TASK DIRECTIONS:
The material below holds pictures; leave them out and reproduce exactly the lines from the one with "Selling a SoBuy" through the one with "Volvemos a espolvorear", inclusive.
*** DATA SECTION Section Begins ***
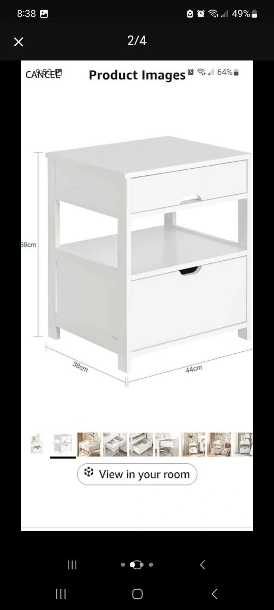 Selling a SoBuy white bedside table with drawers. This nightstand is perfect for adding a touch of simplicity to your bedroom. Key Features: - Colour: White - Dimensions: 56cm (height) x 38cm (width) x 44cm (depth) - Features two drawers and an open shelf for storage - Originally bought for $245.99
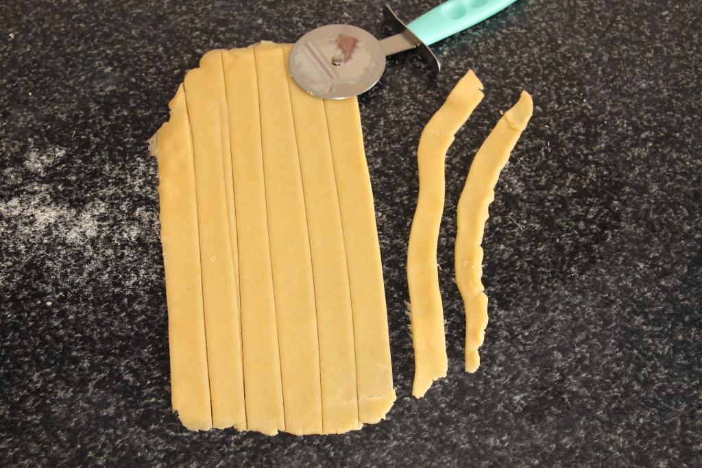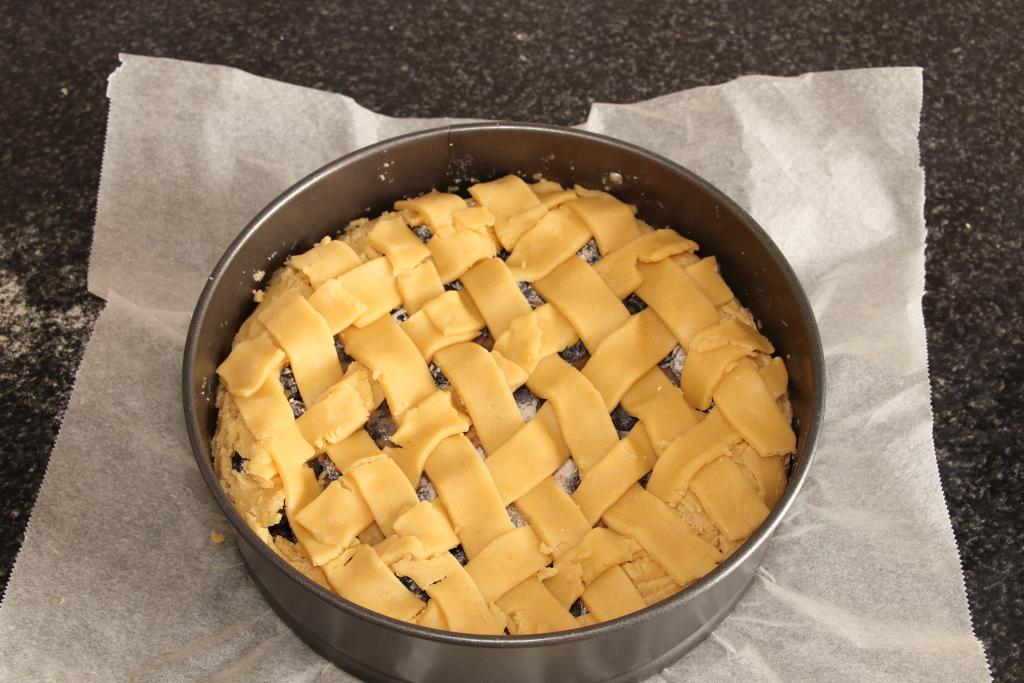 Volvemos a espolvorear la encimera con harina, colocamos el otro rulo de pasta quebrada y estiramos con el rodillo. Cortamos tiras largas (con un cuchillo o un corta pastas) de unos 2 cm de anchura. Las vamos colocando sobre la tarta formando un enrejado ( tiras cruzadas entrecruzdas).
*** DATA SECTION Section Ends ***
*** DATA SECTION Section Begins ***
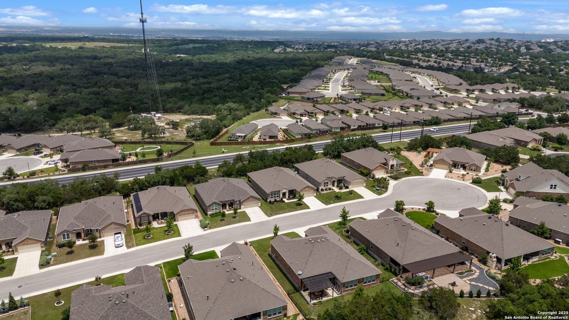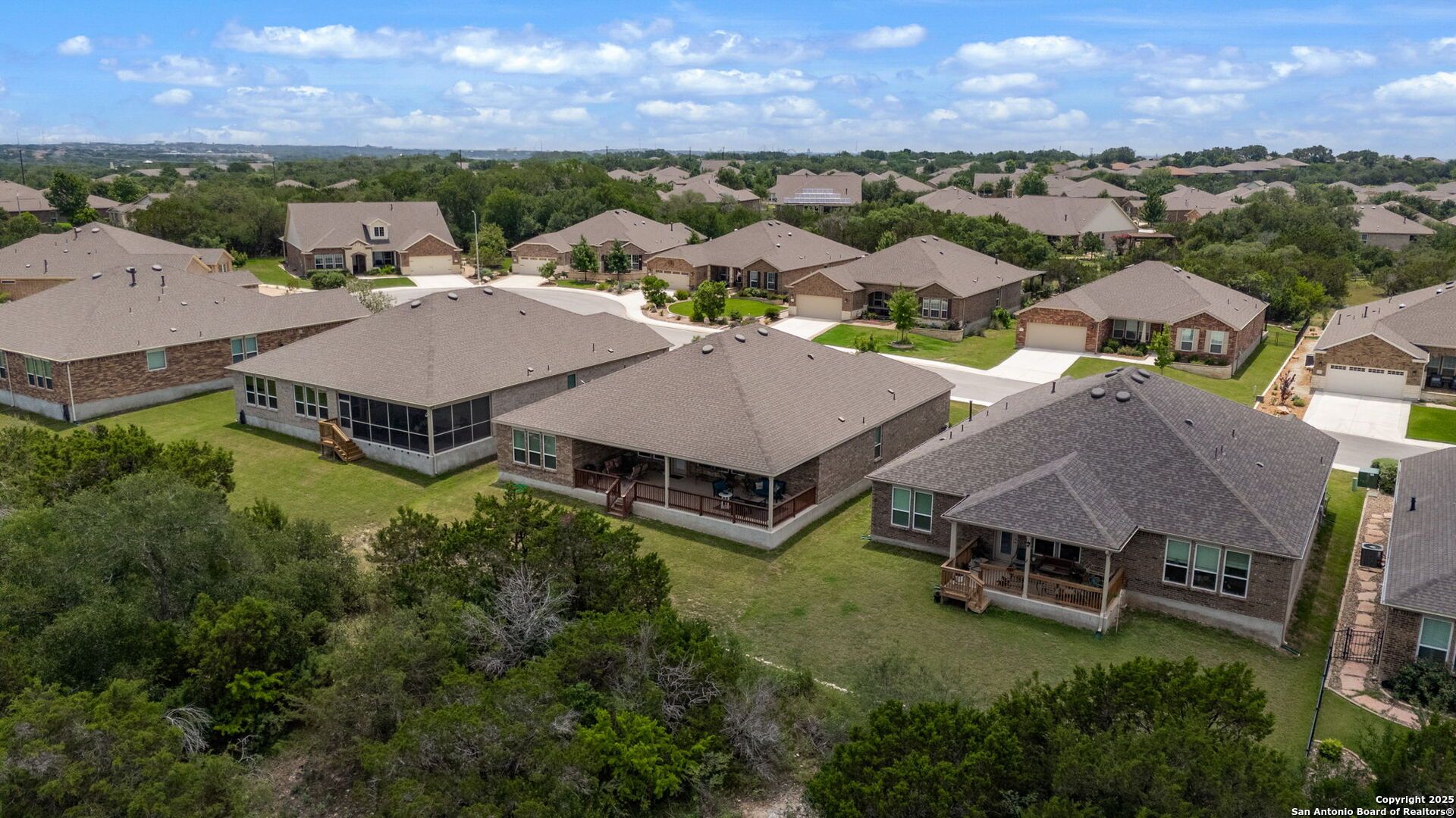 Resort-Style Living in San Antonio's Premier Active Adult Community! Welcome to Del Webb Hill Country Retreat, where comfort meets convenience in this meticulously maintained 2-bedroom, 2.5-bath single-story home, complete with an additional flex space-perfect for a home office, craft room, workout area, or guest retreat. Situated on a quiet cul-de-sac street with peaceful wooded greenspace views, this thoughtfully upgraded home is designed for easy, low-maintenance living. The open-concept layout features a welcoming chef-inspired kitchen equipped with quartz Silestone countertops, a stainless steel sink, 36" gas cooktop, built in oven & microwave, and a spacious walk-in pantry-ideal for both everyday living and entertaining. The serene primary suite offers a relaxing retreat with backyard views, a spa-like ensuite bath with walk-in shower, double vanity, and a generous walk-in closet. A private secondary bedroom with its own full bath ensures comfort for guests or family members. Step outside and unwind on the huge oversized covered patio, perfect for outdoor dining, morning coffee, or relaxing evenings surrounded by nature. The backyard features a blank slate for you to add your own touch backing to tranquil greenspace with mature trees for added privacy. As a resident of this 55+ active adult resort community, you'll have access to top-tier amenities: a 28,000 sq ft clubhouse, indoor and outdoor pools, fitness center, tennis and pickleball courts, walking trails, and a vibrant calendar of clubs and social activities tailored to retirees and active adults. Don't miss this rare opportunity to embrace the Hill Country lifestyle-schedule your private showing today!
*** DATA SECTION Section Ends ***
TASK RESPONSE:
 Selling a SoBuy white bedside table with drawers. This nightstand is perfect for adding a touch of simplicity to your bedroom. Key Features: - Colour: White - Dimensions: 56cm (height) x 38cm (width) x 44cm (depth) - Features two drawers and an open shelf for storage - Originally bought for $245.99
 Volvemos a espolvorear la encimera con harina, colocamos el otro rulo de pasta quebrada y estiramos con el rodillo. Cortamos tiras largas (con un cuchillo o un corta pastas) de unos 2 cm de anchura. Las vamos colocando sobre la tarta formando un enrejado ( tiras cruzadas entrecruzdas).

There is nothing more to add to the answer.